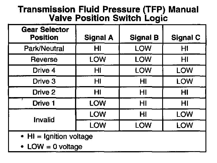 Transmission Fluid Pressure (TFP) Manual Valve Position Switch Logic
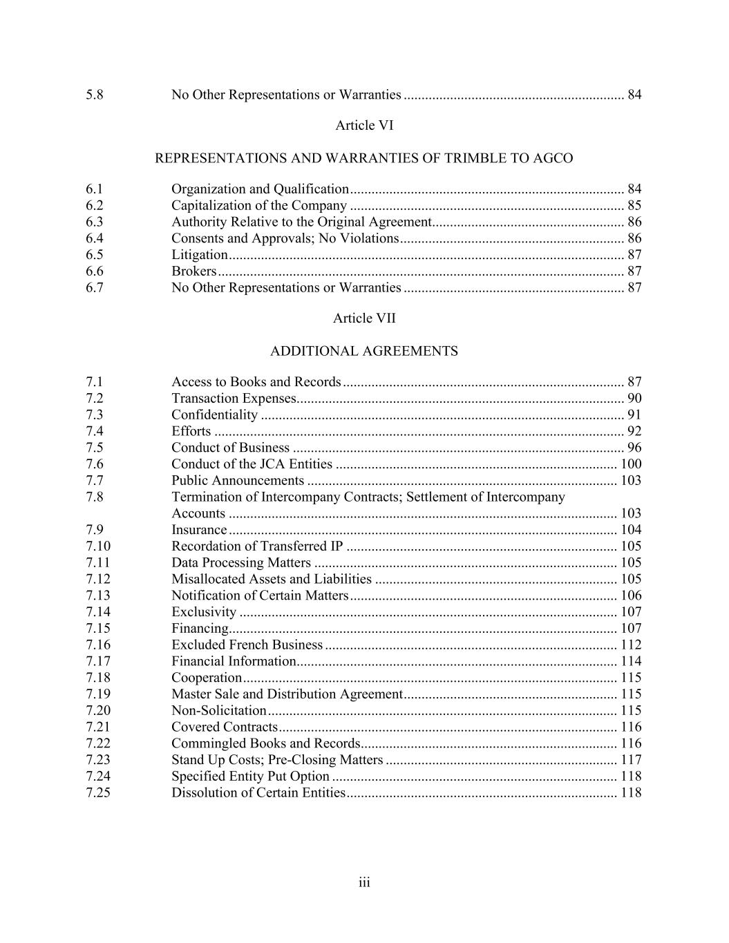 iii 5.8 No Other Representations or Warranties .............................................................. 84 Article VI REPRESENTATIONS AND WARRANTIES OF TRIMBLE TO AGCO 6.1 Organization and Qualification ............................................................................. 84 6.2 Capitalization of the Company ............................................................................. 85 6.3 Authority Relative to the Original Agreement...................................................... 86 6.4 Consents and Approvals; No Violations ............................................................... 86 6.5 Litigation ............................................................................................................... 87 6.6 Brokers .................................................................................................................. 87 6.7 No Other Representations or Warranties .............................................................. 87 Article VII ADDITIONAL AGREEMENTS 7.1 Access to Books and Records ............................................................................... 87 7.2 Transaction Expenses............................................................................................ 90 7.3 Confidentiality ...................................................................................................... 91 7.4 Efforts ................................................................................................................... 92 7.5 Conduct of Business ............................................................................................. 96 7.6 Conduct of the JCA Entities ............................................................................... 100 7.7 Public Announcements ....................................................................................... 103 7.8 Termination of Intercompany Contracts; Settlement of Intercompany Accounts ............................................................................................................. 103 7.9 Insurance ............................................................................................................. 104 7.10 Recordation of Transferred IP ............................................................................ 105 7.11 Data Processing Matters ..................................................................................... 105 7.12 Misallocated Assets and Liabilities .................................................................... 105 7.13 Notification of Certain Matters ........................................................................... 106 7.14 Exclusivity .......................................................................................................... 107 7.15 Financing............................................................................................................. 107 7.16 Excluded French Business .................................................................................. 112 7.17 Financial Information.......................................................................................... 114 7.18 Cooperation ......................................................................................................... 115 7.19 Master Sale and Distribution Agreement ............................................................ 115 7.20 Non-Solicitation .................................................................................................. 115 7.21 Covered Contracts ............................................................................................... 116 7.22 Commingled Books and Records........................................................................ 116 7.23 Stand Up Costs; Pre-Closing Matters ................................................................. 117 7.24 Specified Entity Put Option ................................................................................ 118 7.25 Dissolution of Certain Entities ............................................................................ 118
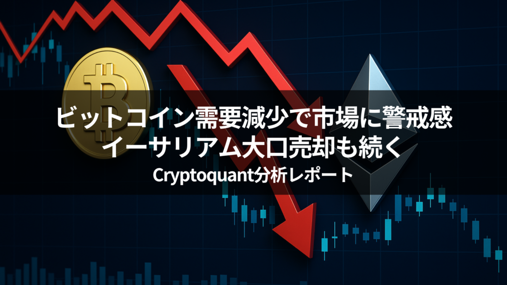 仮想通貨市場において、ビットコインの見かけ上の需要が減少に転じ、価格の下落リスクが高まっているとの分析が注目されています。加えて、イーサリアムでは大口投資家による含み損を抱えた売却が進行中。投資家心理に不安が広がる中、相場の変調を示唆する指標が次々に浮かび上がっています。
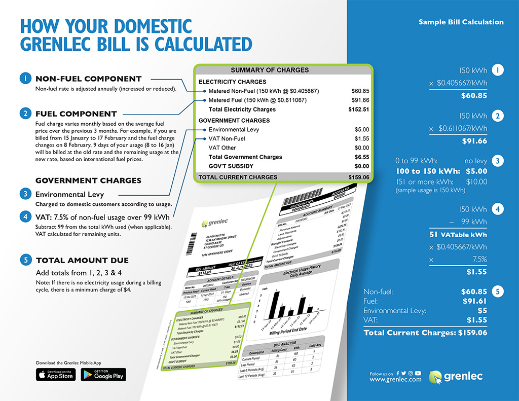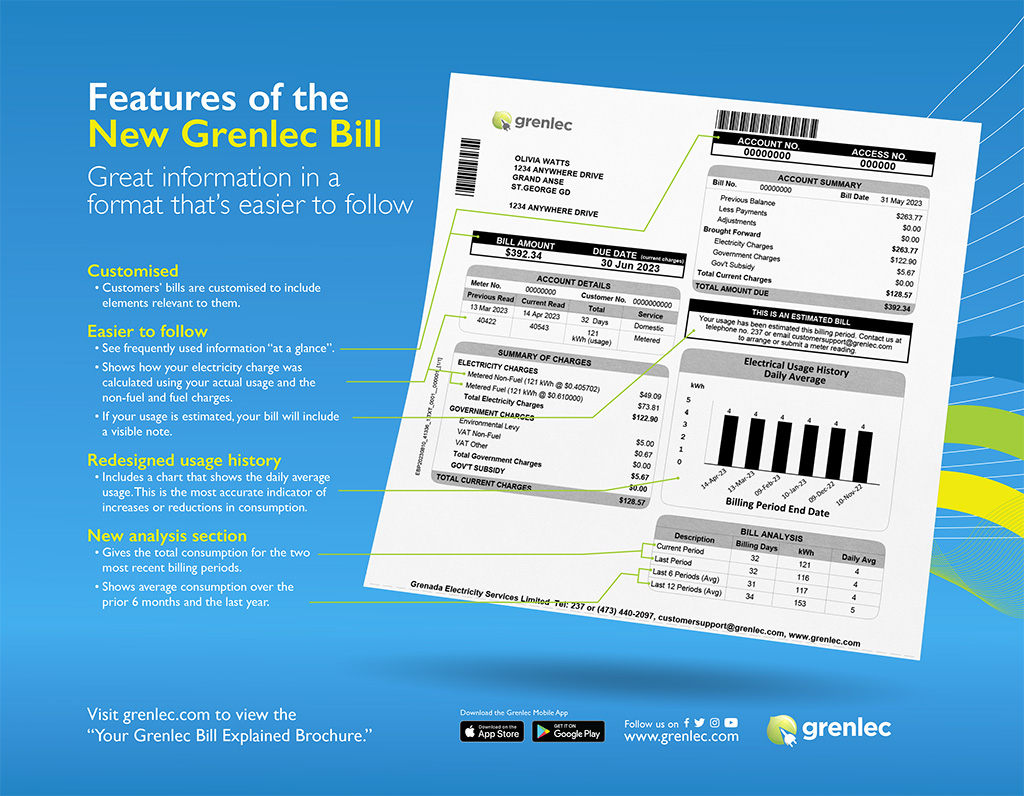 Visit www.grenlec.com: Customers/Tools to Help You / Understanding Your Bill. Contact our customer service team for assistance by emailing customer support@grenlec.com or visit one of our Customer Care Centres.
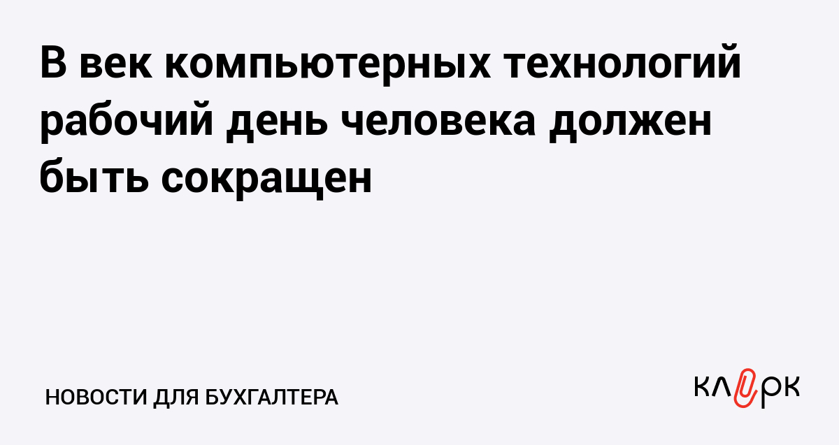 В век компьютерных технологий рабочий день человека должен быть сокращен
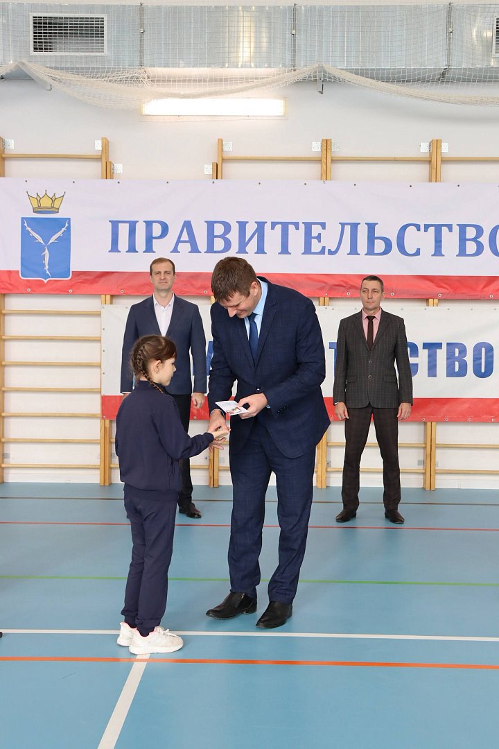 Особым моментом церемонии стало вручение знаков отличия: Виталий Александрович вручил награды ученикам школы №12 г. Шиханы имени Героя России А. И. Потапова, успешно выполнившим нормативы комплекса ГТО.
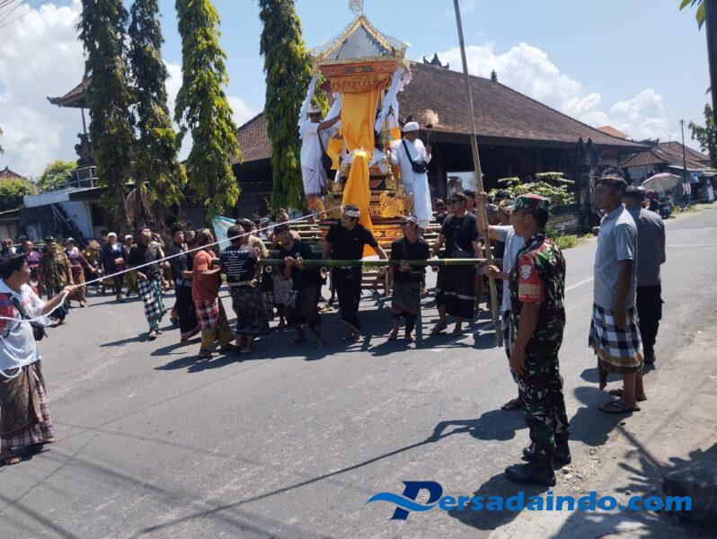 Selama prosesi pengusungan jenazah, Babinsa, Bhabinkamtibmas, dan pecalang bekerja sama melakukan pengawalan, mengatur arus lalu lintas, serta memastikan iring-iringan warga berjalan dengan tertib dan aman. Kehadiran Babinsa juga menjadi bentuk dukungan nyata TNI dalam menjaga ketertiban masyarakat serta menghormati pelaksanaan upacara adat yang merupakan bagian dari kearifan lokal.

+++

== Exercise instructions ==
Retype all entries above verbatim; no pictures belong in the copy.

== Answer to this exercise ==
 Transmission Fluid Pressure (TFP) Manual Valve Position Switch Logic
 iii 5.8 No Other Representations or Warranties .............................................................. 84 Article VI REPRESENTATIONS AND WARRANTIES OF TRIMBLE TO AGCO 6.1 Organization and Qualification ............................................................................. 84 6.2 Capitalization of the Company ............................................................................. 85 6.3 Authority Relative to the Original Agreement...................................................... 86 6.4 Consents and Approvals; No Violations ............................................................... 86 6.5 Litigation ............................................................................................................... 87 6.6 Brokers .................................................................................................................. 87 6.7 No Other Representations or Warranties .............................................................. 87 Article VII ADDITIONAL AGREEMENTS 7.1 Access to Books and Records ............................................................................... 87 7.2 Transaction Expenses............................................................................................ 90 7.3 Confidentiality ...................................................................................................... 91 7.4 Efforts ................................................................................................................... 92 7.5 Conduct of Business ............................................................................................. 96 7.6 Conduct of the JCA Entities ............................................................................... 100 7.7 Public Announcements ....................................................................................... 103 7.8 Termination of Intercompany Contracts; Settlement of Intercompany Accounts ............................................................................................................. 103 7.9 Insurance ............................................................................................................. 104 7.10 Recordation of Transferred IP ............................................................................ 105 7.11 Data Processing Matters ..................................................................................... 105 7.12 Misallocated Assets and Liabilities .................................................................... 105 7.13 Notification of Certain Matters ........................................................................... 106 7.14 Exclusivity .......................................................................................................... 107 7.15 Financing............................................................................................................. 107 7.16 Excluded French Business .................................................................................. 112 7.17 Financial Information.......................................................................................... 114 7.18 Cooperation ......................................................................................................... 115 7.19 Master Sale and Distribution Agreement ............................................................ 115 7.20 Non-Solicitation .................................................................................................. 115 7.21 Covered Contracts ............................................................................................... 116 7.22 Commingled Books and Records........................................................................ 116 7.23 Stand Up Costs; Pre-Closing Matters ................................................................. 117 7.24 Specified Entity Put Option ................................................................................ 118 7.25 Dissolution of Certain Entities ............................................................................ 118
 仮想通貨市場において、ビットコインの見かけ上の需要が減少に転じ、価格の下落リスクが高まっているとの分析が注目されています。加えて、イーサリアムでは大口投資家による含み損を抱えた売却が進行中。投資家心理に不安が広がる中、相場の変調を示唆する指標が次々に浮かび上がっています。
 Visit www.grenlec.com: Customers/Tools to Help You / Understanding Your Bill. Contact our customer service team for assistance by emailing customer support@grenlec.com or visit one of our Customer Care Centres.
 В век компьютерных технологий рабочий день человека должен быть сокращен
 Особым моментом церемонии стало вручение знаков отличия: Виталий Александрович вручил награды ученикам школы №12 г. Шиханы имени Героя России А. И. Потапова, успешно выполнившим нормативы комплекса ГТО.
 Selama prosesi pengusungan jenazah, Babinsa, Bhabinkamtibmas, dan pecalang bekerja sama melakukan pengawalan, mengatur arus lalu lintas, serta memastikan iring-iringan warga berjalan dengan tertib dan aman. Kehadiran Babinsa juga menjadi bentuk dukungan nyata TNI dalam menjaga ketertiban masyarakat serta menghormati pelaksanaan upacara adat yang merupakan bagian dari kearifan lokal.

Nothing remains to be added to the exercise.